• Your assignment: The records below are to be reproduced exactly, with the pictures left out.

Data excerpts
════════════════════

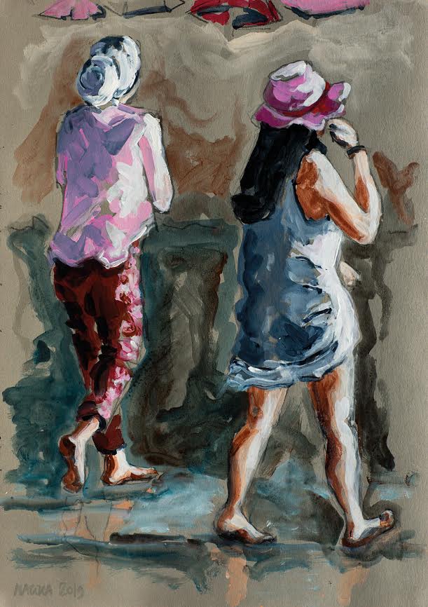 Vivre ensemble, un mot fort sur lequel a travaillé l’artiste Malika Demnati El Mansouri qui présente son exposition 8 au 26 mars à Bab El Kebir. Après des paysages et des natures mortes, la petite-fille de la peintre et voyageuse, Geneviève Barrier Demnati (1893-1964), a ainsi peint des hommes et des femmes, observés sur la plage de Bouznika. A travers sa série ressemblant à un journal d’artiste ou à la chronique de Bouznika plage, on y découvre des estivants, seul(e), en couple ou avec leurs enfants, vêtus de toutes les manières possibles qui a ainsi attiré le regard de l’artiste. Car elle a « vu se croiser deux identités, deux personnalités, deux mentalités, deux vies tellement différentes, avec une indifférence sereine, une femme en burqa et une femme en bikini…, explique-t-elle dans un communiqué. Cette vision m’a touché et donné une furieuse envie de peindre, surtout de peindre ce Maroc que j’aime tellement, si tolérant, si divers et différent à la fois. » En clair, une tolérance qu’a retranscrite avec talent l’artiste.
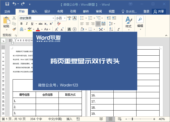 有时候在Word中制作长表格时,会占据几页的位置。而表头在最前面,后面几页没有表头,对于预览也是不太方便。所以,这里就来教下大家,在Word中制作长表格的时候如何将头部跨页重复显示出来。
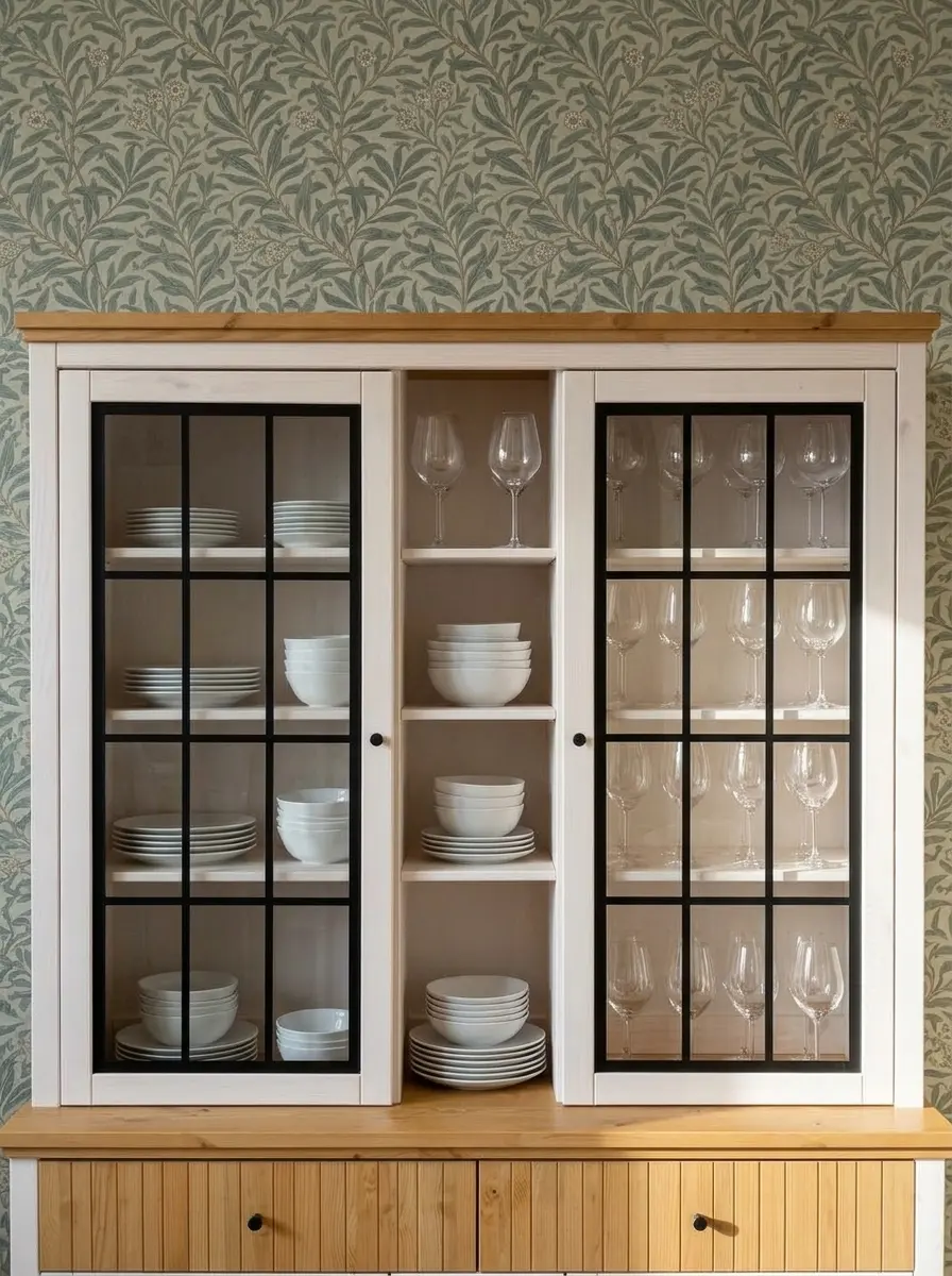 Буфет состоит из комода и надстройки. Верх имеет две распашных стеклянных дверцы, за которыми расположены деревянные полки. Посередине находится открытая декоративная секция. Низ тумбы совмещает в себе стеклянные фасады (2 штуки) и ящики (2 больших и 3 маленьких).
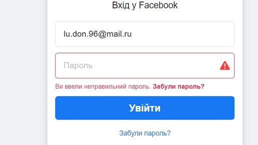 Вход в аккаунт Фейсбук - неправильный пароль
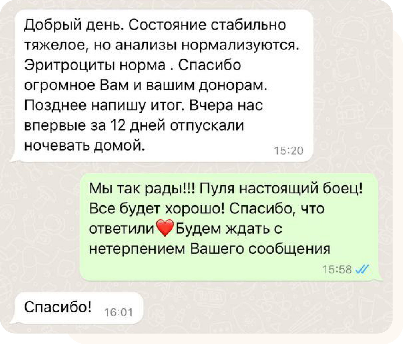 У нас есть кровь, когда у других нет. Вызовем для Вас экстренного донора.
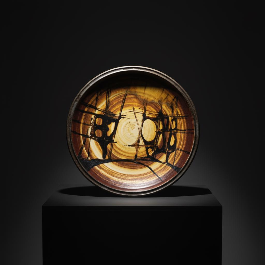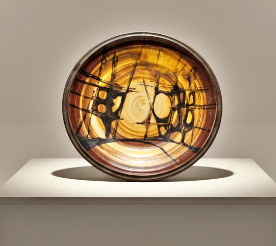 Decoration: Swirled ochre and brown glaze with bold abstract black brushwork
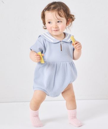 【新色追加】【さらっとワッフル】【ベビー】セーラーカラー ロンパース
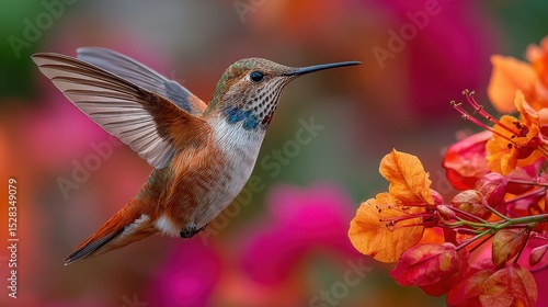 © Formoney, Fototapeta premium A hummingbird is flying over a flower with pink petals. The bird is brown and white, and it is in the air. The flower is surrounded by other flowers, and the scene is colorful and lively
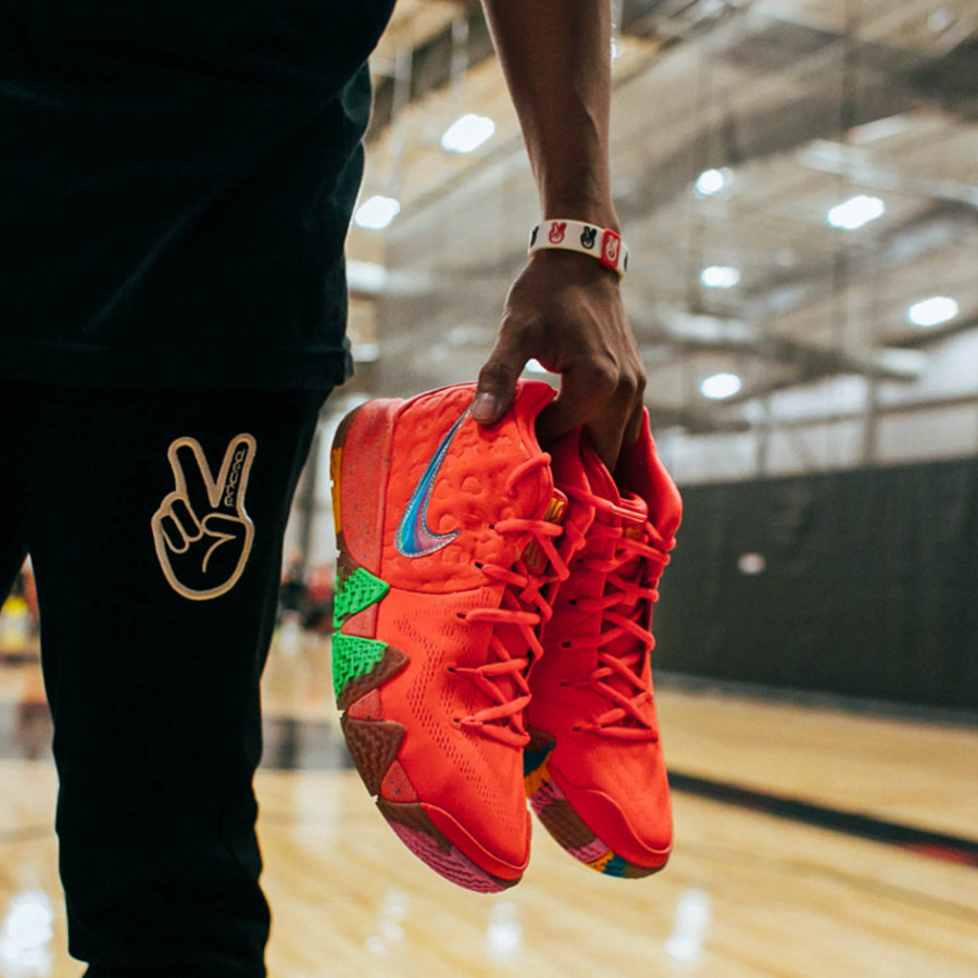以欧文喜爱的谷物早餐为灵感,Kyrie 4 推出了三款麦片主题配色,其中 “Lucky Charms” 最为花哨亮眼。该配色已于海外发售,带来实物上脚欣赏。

════════════════════

• Your response:
 Vivre ensemble, un mot fort sur lequel a travaillé l’artiste Malika Demnati El Mansouri qui présente son exposition 8 au 26 mars à Bab El Kebir. Après des paysages et des natures mortes, la petite-fille de la peintre et voyageuse, Geneviève Barrier Demnati (1893-1964), a ainsi peint des hommes et des femmes, observés sur la plage de Bouznika. A travers sa série ressemblant à un journal d’artiste ou à la chronique de Bouznika plage, on y découvre des estivants, seul(e), en couple ou avec leurs enfants, vêtus de toutes les manières possibles qui a ainsi attiré le regard de l’artiste. Car elle a « vu se croiser deux identités, deux personnalités, deux mentalités, deux vies tellement différentes, avec une indifférence sereine, une femme en burqa et une femme en bikini…, explique-t-elle dans un communiqué. Cette vision m’a touché et donné une furieuse envie de peindre, surtout de peindre ce Maroc que j’aime tellement, si tolérant, si divers et différent à la fois. » En clair, une tolérance qu’a retranscrite avec talent l’artiste.
 有时候在Word中制作长表格时,会占据几页的位置。而表头在最前面,后面几页没有表头,对于预览也是不太方便。所以,这里就来教下大家,在Word中制作长表格的时候如何将头部跨页重复显示出来。
 Буфет состоит из комода и надстройки. Верх имеет две распашных стеклянных дверцы, за которыми расположены деревянные полки. Посередине находится открытая декоративная секция. Низ тумбы совмещает в себе стеклянные фасады (2 штуки) и ящики (2 больших и 3 маленьких).
 Вход в аккаунт Фейсбук - неправильный пароль
 У нас есть кровь, когда у других нет. Вызовем для Вас экстренного донора.
 Decoration: Swirled ochre and brown glaze with bold abstract black brushwork
 【新色追加】【さらっとワッフル】【ベビー】セーラーカラー ロンパース
 © Formoney, Fototapeta premium A hummingbird is flying over a flower with pink petals. The bird is brown and white, and it is in the air. The flower is surrounded by other flowers, and the scene is colorful and lively
以欧文喜爱的谷物早餐为灵感,Kyrie 4 推出了三款麦片主题配色,其中 “Lucky Charms” 最为花哨亮眼。该配色已于海外发售,带来实物上脚欣赏。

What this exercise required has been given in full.